My plan was to use two speedlights. The first speedlight will go on a stand with an umbrella. I thought that using one speedlight with an umbrella will create a bit of drama on the portraits. While this is not the trivial choice I thought that setting up for some drama will provide something a bit different from all the evenly lit kids is a custom shot I have from when I was a kid. So yes – the first flash goes ina classic 45/45 postion.
The other strobe was planned to sit somewhere in the room, gelled and shoot towards the wall behind the kids. To make it more interesting, I planned to place an object (a plant, a paper cut, anything really) between the flash and the wall. Well, plans are one thing and dealing with 31 kids is another.
When I discussed it with the kindergarten teacher, we planned to have about a quarter of the space for me, and have the kids play in the other 75% of the kindergarten. Well, as kids usually are – all over the place – I was left with only 2 meters by 2 meters to work with. There goes my background plan.
Fortunately, I did carry a backup. A collapsible gray backdrop. This is a great accessory I really like. It folds flat to a disk that does not take a lot of space. Opened, it is a huge rectangular backdrop. I use a gray one, since I usually shoot color to it using a gelled flash.
So, plan B – I took out the collapsible and placed the second strobe on a light stand. Gelled it and gridded it. Putting a gridspot on made sure the color will not spill over on the kids. For setting the flash power – I wanted to get a smoky effect to add to the drama, so I set the flash to burn the backdrop just a bit.
I also made sure that no stray kid will knock my light stand over. I am pretty sure that the light stand and flash will take it. Not too sure about the kid though.
Now I had my setup. I shot my hand (a nice trick I learned from the Strobist DVDs basketball session – a must watch for any lighting enthusiast) Till I had my exposure right, and I was good to go. Almost. I saw that I had really bad shadow on the right side. Enter white table cloth, along with a knocked over table to hang it on. Really I had to give it to the teacher for letting me turn a table sideways without having a cow. Shot my hand again. I am good.
Stage left, come a swirl of kids. Now did I say swirl. It was more like a hurricane. Most of the kids never saw a Strobist setup before and were utterly intrigued. And the costumes got their adrenaline levels to pass the red mark. Thank heavens and the teacher for bringing some order to this ho-my-god-how-can-anyone-handle-this chaos. The teacher had a list and blocked the crowds with her body called each kid in turn. Each got their minute of glory. Some were giving themselves away to the camera, some were shy and needed some help to open up. You can watch the complete set below.
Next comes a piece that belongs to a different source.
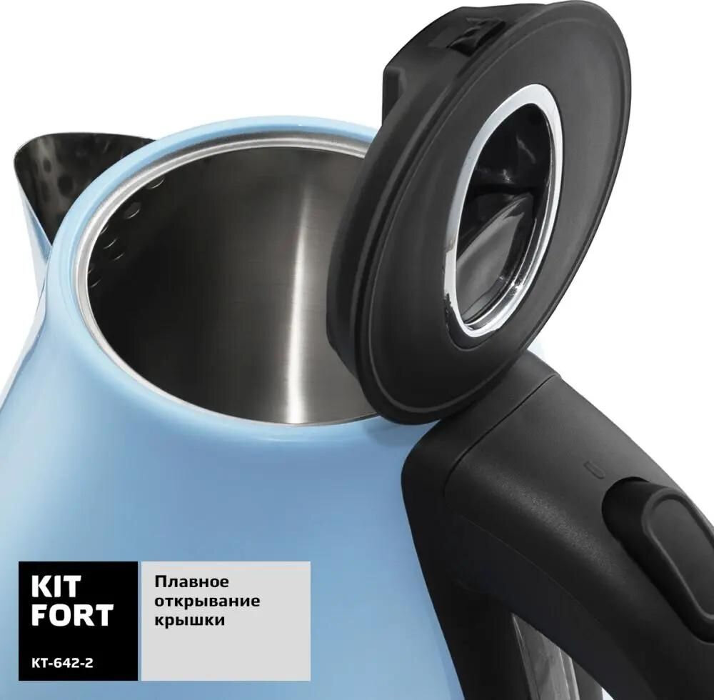Чайник KITFORT KT-642-2 2200 Вт голубой чёрный 1.7 л металл/пластик

A word about business – It so happened that some kids did not have there portrait taken. Some were sick and did not come to that day, some arrived at the garden after I left and two of the kids missed the session even though they were present.
Option 1 – Just ignore it. Get the pictures to the happy parents and “ignore” the fact that some kids were missing.
Option 2 – Put it on the teacher – I mean she had the list, right?
Option 3 – Invite all those who did not have their picture taken to a “redo session” where I will take their picture and add to the rest of the images.
This was not a hard choice. I took option 3. Now let’s see the trade off here. I will have to put in some of my time to make those pictures, print them and deliver to the kids.
On the plus side, I am making sure that all the kids got their pictures taken. Making sure all the parents are happy and the all the kids have some nice memory from this event. This was a no money gig, but I would have done just the same if it was a paid job. The motivation for me is really simple – making the customer happy will result with good karma and good business.